Posted: 7:00 p.m. Sunday, April 21, 2013

Hamilton woman shares story of journey from abuse


Hamilton woman shares story of journey from abuse photo
Trudy Boudinet, a Hamilton resident, speaks out about the domestic violence she endured.

By Richard Jones

Staff Writer


Trudy Fultz was 24 years old when she met the man she would marry.

She’d lived on her own and had been in other relationships, had even broken off a few of them herself, so she doesn’t think it was because she was naive or anything like that.

But when the abuse started, it took her a long time to recognize it for what it was.

“I was raised with a mom who yelled and threw things,” she said. “So I thought it was normal for some people to yell and throw things.”

And that’s why, she said, it took her 21 years to seek refuge.

Her story is not an unusual one, according to Fran Reese, director of domestic violence programs at the YWCA Hamilton.

“That’s how the cycle continues from one generation to another,” she said. “You have young ladies saying ‘My dad talked to my mother like that all the time,’ and they think that’s love. Or they think ‘He’s jealous because he loves me.’ ”

Fultz said that in retrospect, the problems started shortly after they were married.

“He’d put other people before my needs, little things that you wouldn’t normally think of as abuse,” she said. “So I would just make compromises to save the marriage and be a good wife because it just seemed easier to give up than to keep fighting.
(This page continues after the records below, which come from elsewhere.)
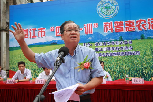 (湛江市科协党组书记、主席黄东云宣布“四送一训”科普惠农活动正式启动)
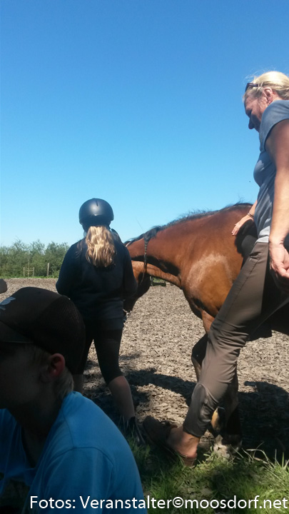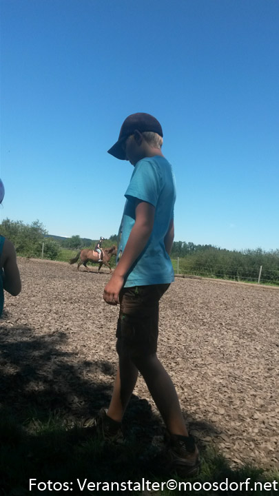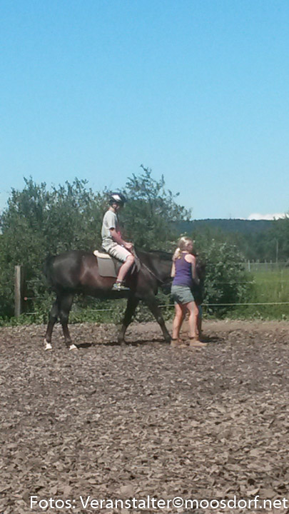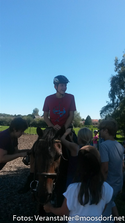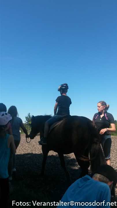Nach erfolgter Pflege wurden die Pferde gesattelt und aufgezäumt und ab ging es Richtung Reitplatz! Ein Ferienkind nach dem anderen drehte seine Runden hoch zu Ross! Alma und Baba wurden mit Sattel geritten, auf Saskia konnten die Kinder ausprobieren, wie es sich anfühlt, ohne Sattel auf einem Pferd zu sitzen. Wir probierten aus, wie es ist, mit geschlossenen Augen zu reiten oder die Hände weg zu strecken. Ein paar ganz Mutige wagten es sogar, sich auf dem Pferd einmal ganz rundherum zu drehen!
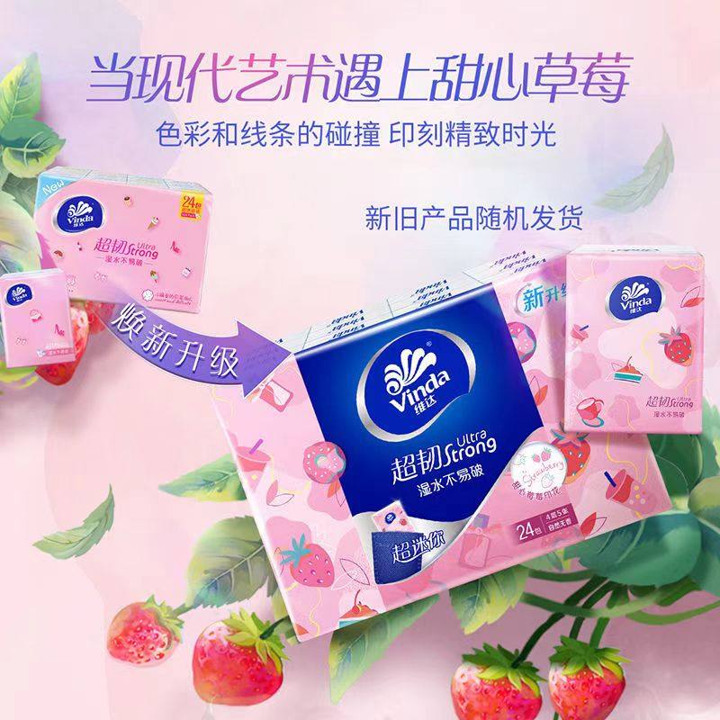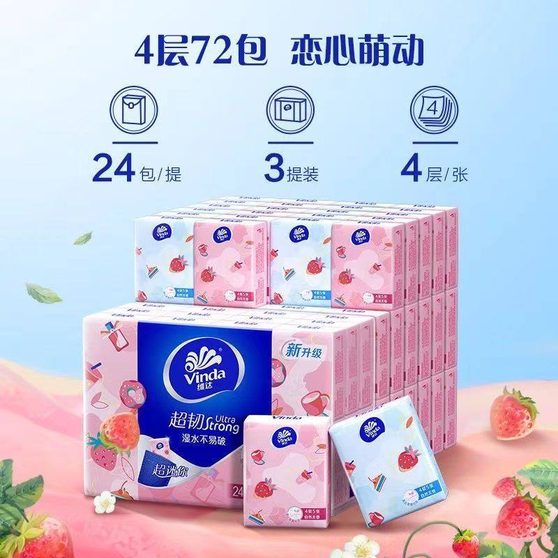 维达手帕纸甜心草莓印花72包口袋纸巾小包面巾纸随身便携学生实惠

He was raised in a male-dominated home and I was raised in a female-dominated home, so we just had different ways.”

“As soon as he would walk in the door, a dreary cloud would fall all over the place,” she said.
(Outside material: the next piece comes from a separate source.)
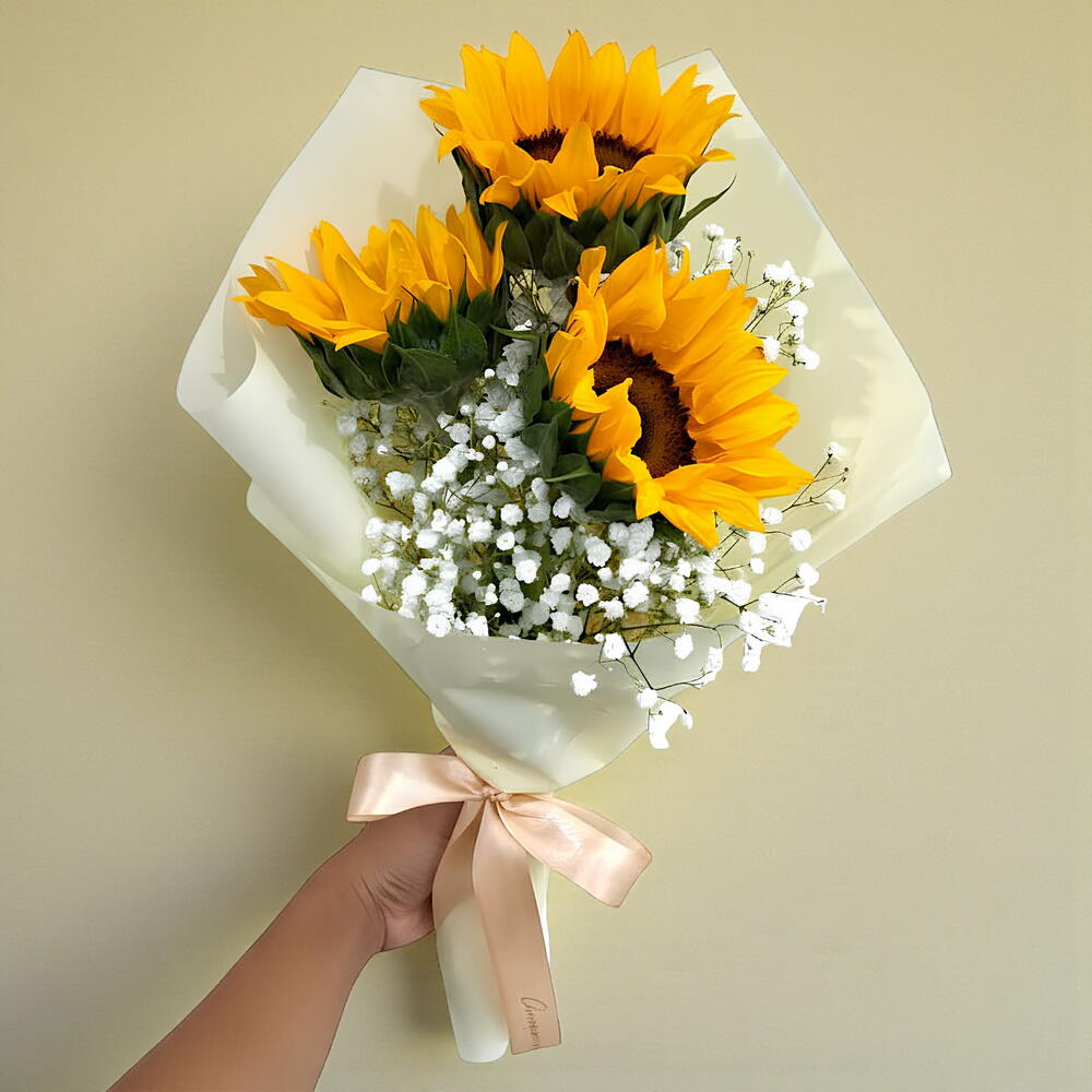 Des - باقة جميلة وأنيقة من 3 أزهار دوار الشمس.
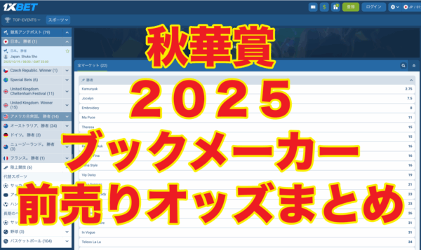 【固定オッズあり】秋華賞2025(日本競馬)ブックメーカーオッズ(前売り)*2025年10月19日(日)開催 全着順 1着:エンブロイダリー(5~8倍)

Reese said, “Domestic violence is often a hidden crime. Perpetrators know that that if they get physical, how not to make a mark.

“The victim is in denial a lot, and the whole family ends up in a dysfunctional situation, but they see it as the norm,” she said.
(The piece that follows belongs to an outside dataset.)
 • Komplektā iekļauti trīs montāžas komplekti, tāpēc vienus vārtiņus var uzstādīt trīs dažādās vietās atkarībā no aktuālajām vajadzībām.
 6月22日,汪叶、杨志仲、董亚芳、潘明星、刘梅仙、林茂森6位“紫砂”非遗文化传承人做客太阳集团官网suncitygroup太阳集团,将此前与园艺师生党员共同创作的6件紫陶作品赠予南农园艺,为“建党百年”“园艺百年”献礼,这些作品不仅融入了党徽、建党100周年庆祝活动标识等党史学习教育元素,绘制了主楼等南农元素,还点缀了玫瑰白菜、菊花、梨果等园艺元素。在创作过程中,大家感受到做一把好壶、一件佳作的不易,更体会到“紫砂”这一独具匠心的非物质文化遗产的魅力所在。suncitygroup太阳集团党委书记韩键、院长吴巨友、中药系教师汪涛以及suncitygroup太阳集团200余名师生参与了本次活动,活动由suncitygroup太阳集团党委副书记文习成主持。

She likened it to learning to cook: If you watch your mother prepare a chicken a certain way all your life, chances are you’re going to do it the same way, want your spouse to do it the same way and may not like it if it’s done any other way.

Many women endure it, she said, because the alternative — leaving — is a big unknown and can trigger a confrontation.

“Mentally,” Fultz said, “I had left him six years ago, but I stayed for the kids. By the time I told my (18-year-old) son, he said, ‘Mom, you should have left a long time ago.’ “

“I didn’t get out because I didn’t have the support to get out,” she said.

But six years ago, she succumbed to a deep depression and ended up in the hospital.

“I spent a year in crisis mode,” she said. “He’d even go to therapy with me and voice his support, but nothing really changed.”

When his own family started telling her that she’d be better off without him, she finally made the decision to leave, and contacted the YWCA, who set her up in the Dove House, a shelter for abused women and victims of domestic violence.

Reese said that in 2012, the domestic violence program at the YWCA served more than 3,500 women through its hotline, referral system, court advocacy and support and outreach groups.

The staff at the YWCA are especially protective of the clients at the Dove House, which is in an undisclosed location even to women who enter into the program. Reese said that when it is determined that a woman should be in the program, they meet at the YWCA and are then taken to the shelter to keeps its location a secret.

Fultz ended up there the day before Thanksgiving.

“It was the best Thanksgiving I’d had in years,” she said. “There was a sense of peace that I’d never known.”

“When they come to the shelter,” Reese said, “they realize they’re not the only one. It’s our job to let them know there’s a better way to live.”

While they are at the shelter, women get the counseling and support they need to start a new life, even providing supplies to set up a new household.

“We build their self-esteem and help them realize they made the right decision,” she said, “that they deserve to live a violence-free life. She has the opportunity to show her daughter and her son what a healthy family can be.”

Balloon launch to remember crime victims

The YWCA of Hamilton Dove House Shelter has planned a community event in honor of National Crime Victims’ Rights Week (April 21-27).

A balloon launch in remembrance of Butler County crime victims will take place at noon Tuesday, April 23, at Tedia Company, 1000 Tedia Way, Fairfield.